You are viewing a plain text version of this content. The canonical link for it is here.

Posted to dev@iceberg.apache.org by Gautam <ga...@gmail.com> on 2020/01/28 20:21:43 UTC

Write reliability in Iceberg

Hello Devs,
We are currently working on building out a high write
throughput pipeline with Iceberg where hundreds or thousands of writers
(and thousands of readers) could be accessing a table at any given moment.
We are facing the issue called out by [1]. According to Iceberg's spec on
write reliability [2], the writers depend on an atomic swap, which if fails
should retry.

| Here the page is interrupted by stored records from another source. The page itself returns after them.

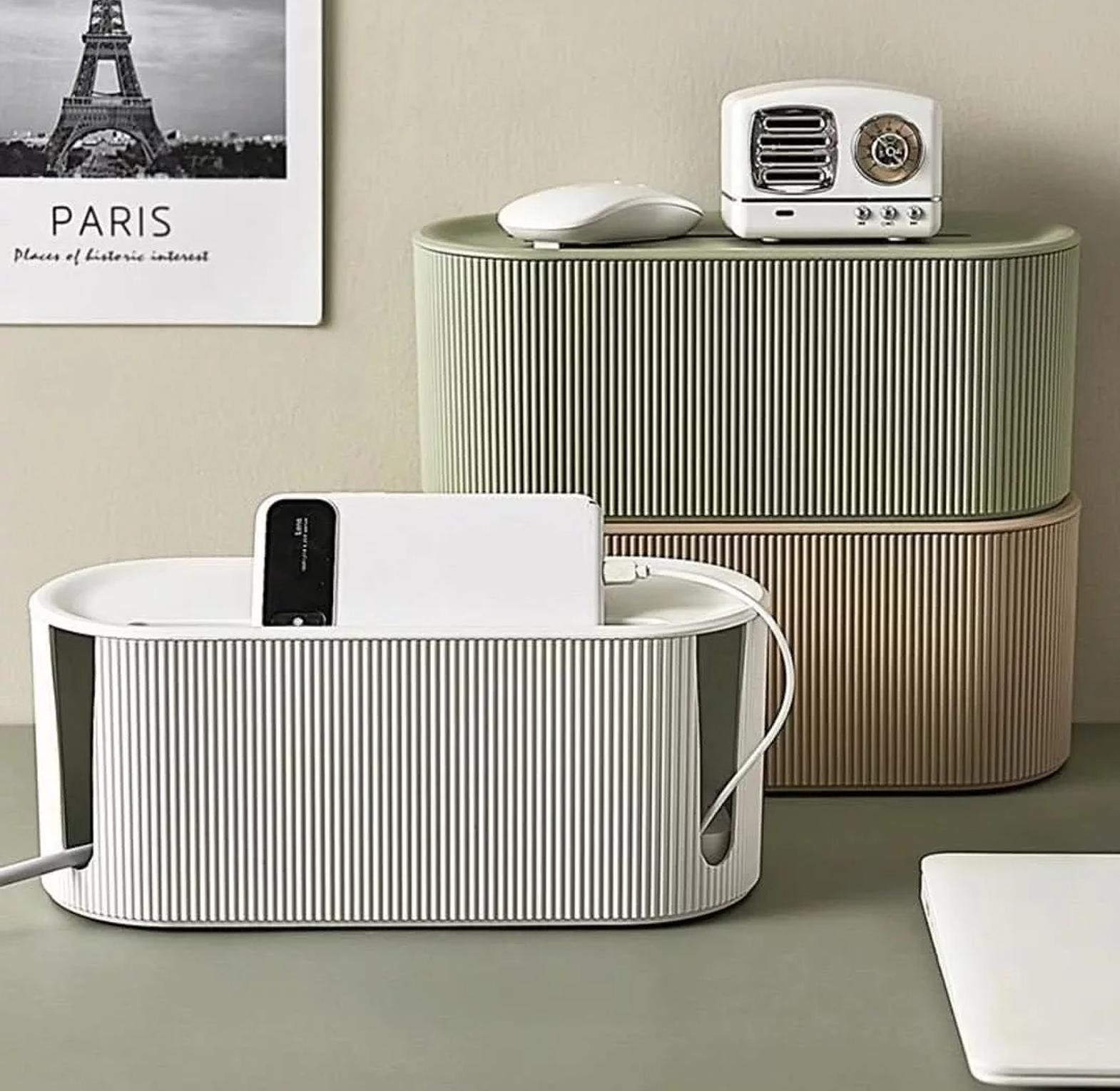 Achieve a clean and organized aesthetic in your home or office with this Modern Cable Management & Storage Box. This essential organizer is expertly designed to effectively conceal power strips, adapters, and excess cables, transforming messy tangles into a neat and streamlined setup. By enclosing your cords, it not only reduces visual clutter but also prevents dust accumulation and enhances safety by minimizing tripping hazards, especially important in homes with children or pets. The box features convenient openings on the sides to allow cables to enter and exit smoothly, while the top surface provides a stable platform for charging devices or placing small items. Perfect for use under desks, next to entertainment centers, or on bedside tables, this cable storage box is a practical and stylish solution to keep your cables well-organized and maintain a polished look in any room.
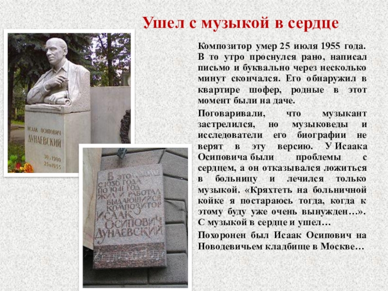 Поговаривали, что музыкант застрелился, но музыковеды и исследователи его биографии не верят в эту версию. У Исаака Осиповича были проблемы с сердцем, а он отказывался ложиться в больницу и лечился только музыкой. «Кряхтеть на больничной койке я постараюсь тогда, когда к этому буду уже очень вынужден…». С музыкой в сердце и ушел…
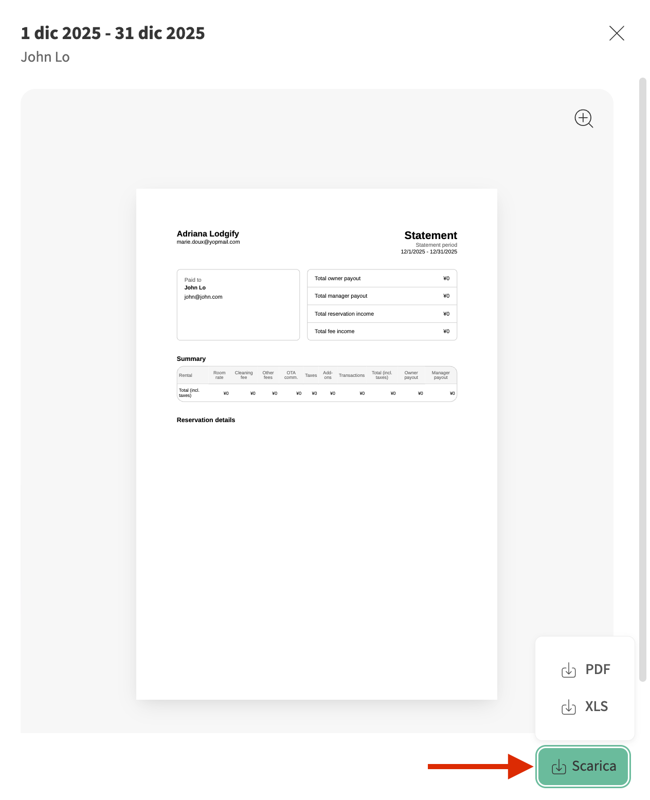 Puoi scaricare i tuoi resoconti per i proprietari in PDF e XLS nel caso tu voglia conservarli o inviarli ai tuoi proprietari.

While this may be true there can be instances where the
current write has the latest table state but still fails to perform the
swap or even worse the Reader sees an inconsistency while the write is
being made. To my understanding, this stems from the fact that the current
code [3] that does the swap assumes that the underlying filesystem provides
an atomic rename api ( like hdfs et al) to the version hint file which
keeps track of the current version. If the filesystem does not provide this
then it fails with a fatal error. I think Iceberg should provide some
resiliency here in committing the version once it knows that the latest
table state is still valid and more importantly ensure the readers never
fail during commit. If we agree I can work on adding this into Iceberg.

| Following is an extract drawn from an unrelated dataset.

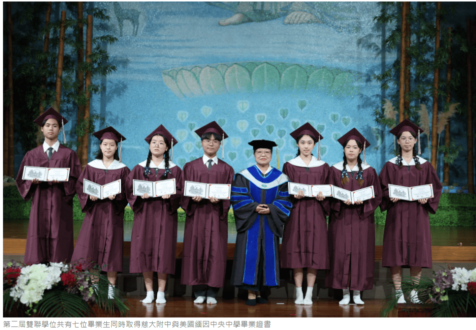 慈大附中與美國緬因中央中學(MCI)合作雙聯學位,在今年有了第二屆畢業生。今年共有七位高三畢業生同時獲頒二張畢業證書,他們自高一開始參加雙聯學位,歷經三年每週四小時的同步課程與一個月的實體課程,紮實學習,終於順利取得兩校的畢業資格。MCI校長David Pearson特別錄製影片恭喜同學,期勉同學常保好奇心,並宣布七位同學此刻起成為MCI的畢業校友。
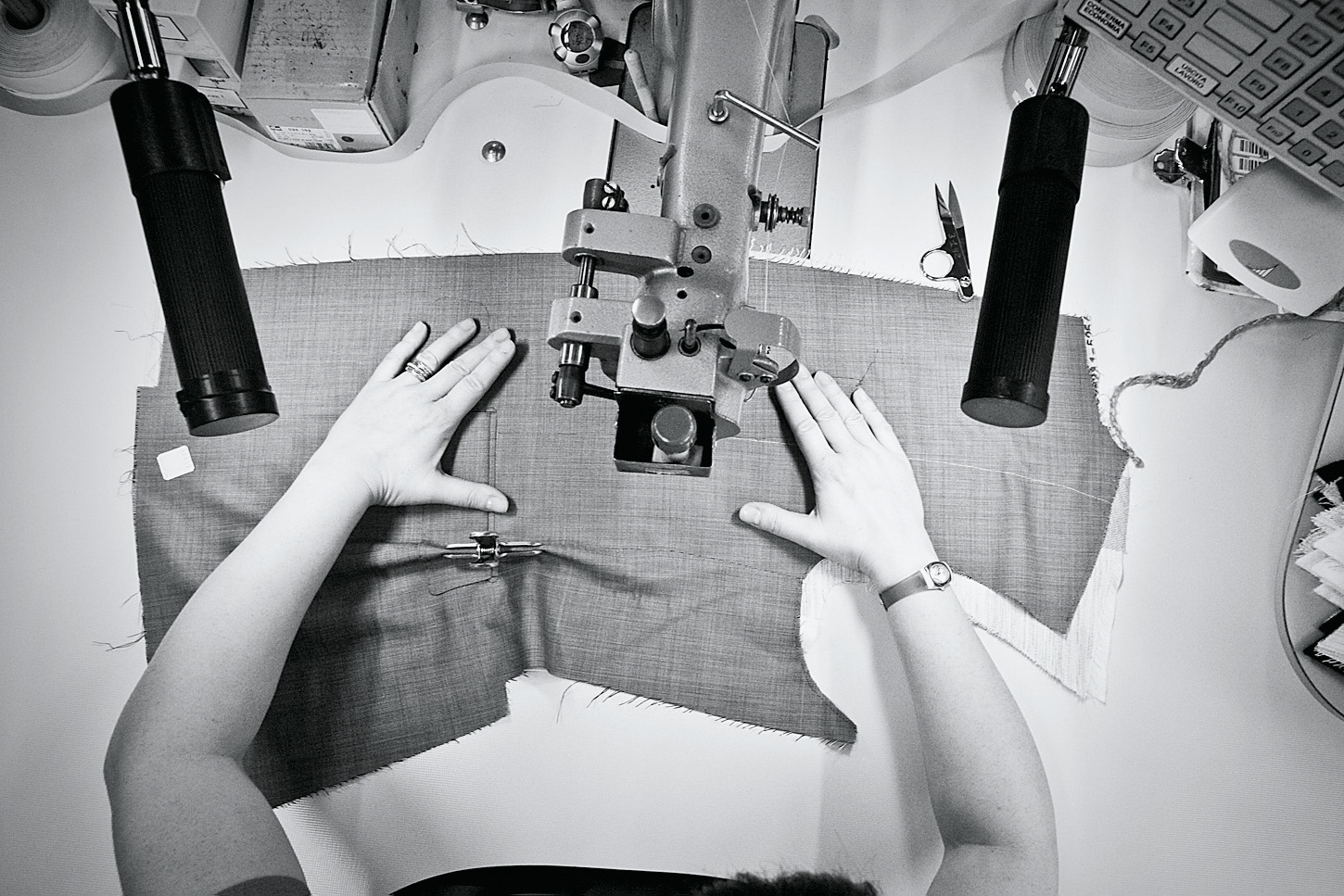 Dopo il taglio, i pezzi vengono riuniti in mucchietti e, seguendo un iter rigoroso, inizia il processo di confezione. Ricco di scelte ben ponderate, come quella di non “adesivare” tessuto e interno, ma di cucirli l’uno con l’altro, così la giacca, più elastica, si adatta meglio ai movimenti di chi la indossa. In queste fasi l’automazione è molto ridotta, se non del tutto assente: «Nel complesso, in tutto il processo», sottolinea Corrado Corneliani, «il rapporto è 70% ago e 30% computer».

How are folks handling write/read consistency cases where the underlying fs
doesn't provide atomic apis for file overwrite/rename? We'v outlined the
details in the attached issue#758 [1] .. What do folks think?

Cheers,
-Gautam.

[1] - https://github.com/apache/incubator-iceberg/issues/758
[2] - https://iceberg.incubator.apache.org/reliability/
[3] -
https://github.com/apache/incubator-iceberg/blob/master/core/src/main/java/org/apache/iceberg/hadoop/HadoopTableOperations.java#L220

Re: Write reliability in Iceberg

Posted by Ashish Mehta <me...@gmail.com>.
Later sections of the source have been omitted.